LABYRINTH / LucasArts / Apple II
This was one of the first games from LucasArts (when they were still called "Lucasfilm Games") and I believe their first real adventure game as well. If you haven't done any prior research on the game before playing (ahem) it initially appears to be a text adventure, but with a "command wheel" type of interface instead of a parser. Hang in there long enough to blunder into the movie theater, buy some popcorn and find the Labyrinth theater, however, and the game turns into a graphical adventure proper.
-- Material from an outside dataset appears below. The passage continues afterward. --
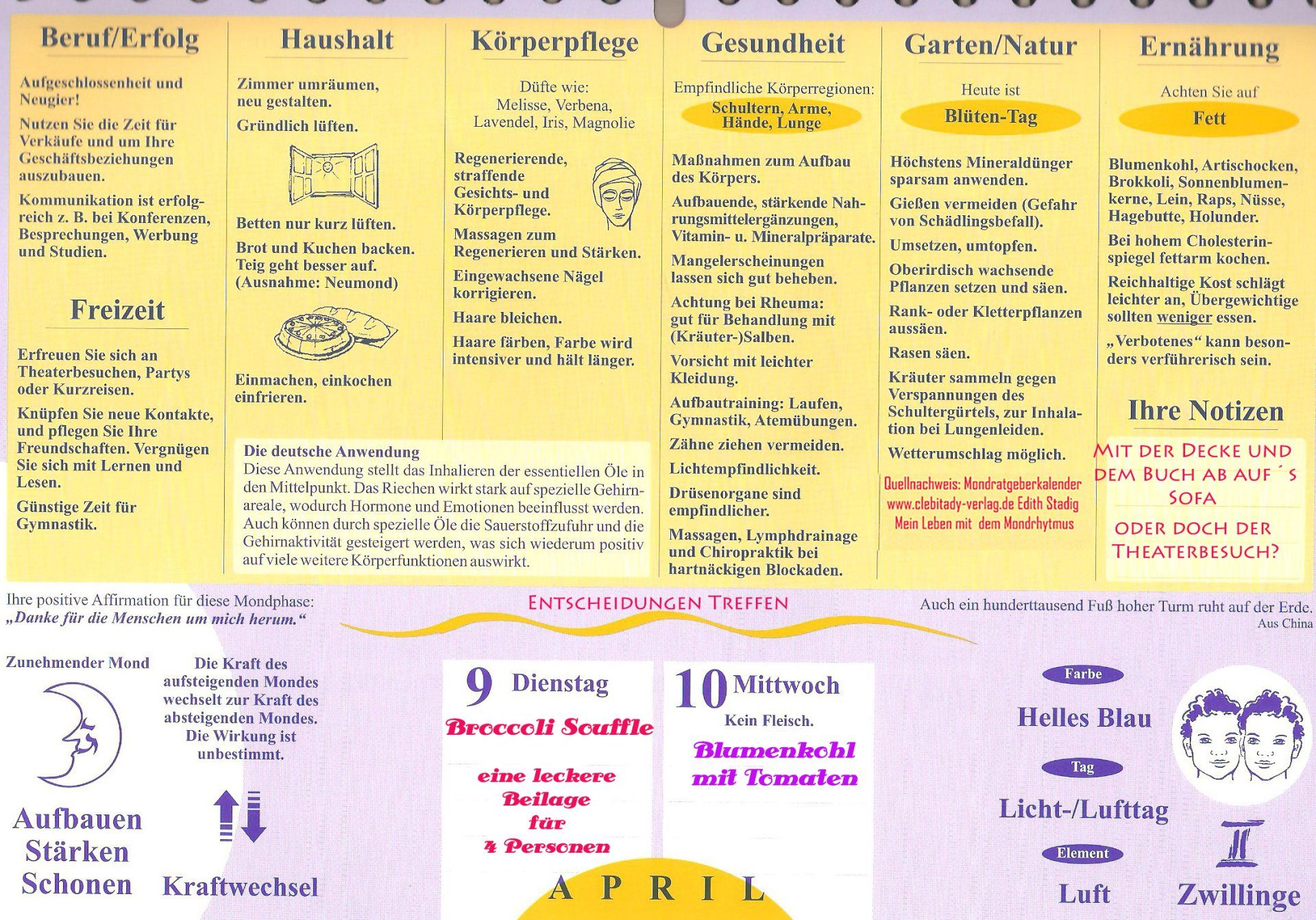 Mondmagie Dienstag, 9. April. Mond in den Zwillingen, zunehmend.

Of course, it's based on the oddball 1986 fantasy movie of the same name. I feel compelled to warn the Underage Jennifer Connelly Brigade that while you get David Bowie in all his pixellated glory, the main character is actually chosen and named by you (you can even pick a male character if you like.) There's no baby cryin' hard as a baby could cry either, you're just trying to bail your own ass out of the Labyrinth. You get a 13 hour time limit at the outset, which apparently actually is counted in real time; it can be extended even further by reading a book you find a little ways into the game.

The engine used in Labyrinth is a primitive, experimental version of what would eventually become SCUMM (as of Maniac Mansion.) The game is kind of structured like Dragon's Lair meets an adventure game; instead of exploring and backtracking through a cohesive world a la King's Quest, you hop from one self-contained scene to another (usually based on the movie.) You'll need to bring a few items from one scene to another, but mostly they are solved on their own. Traditional adventure game puzzles are actually kind of thin; many scenes are just arbitrary mazes where you have to trial-and-error the right path through, and some have arcadey elements like crossing a slippery bridge or having to lure goblin guards over trapdoors.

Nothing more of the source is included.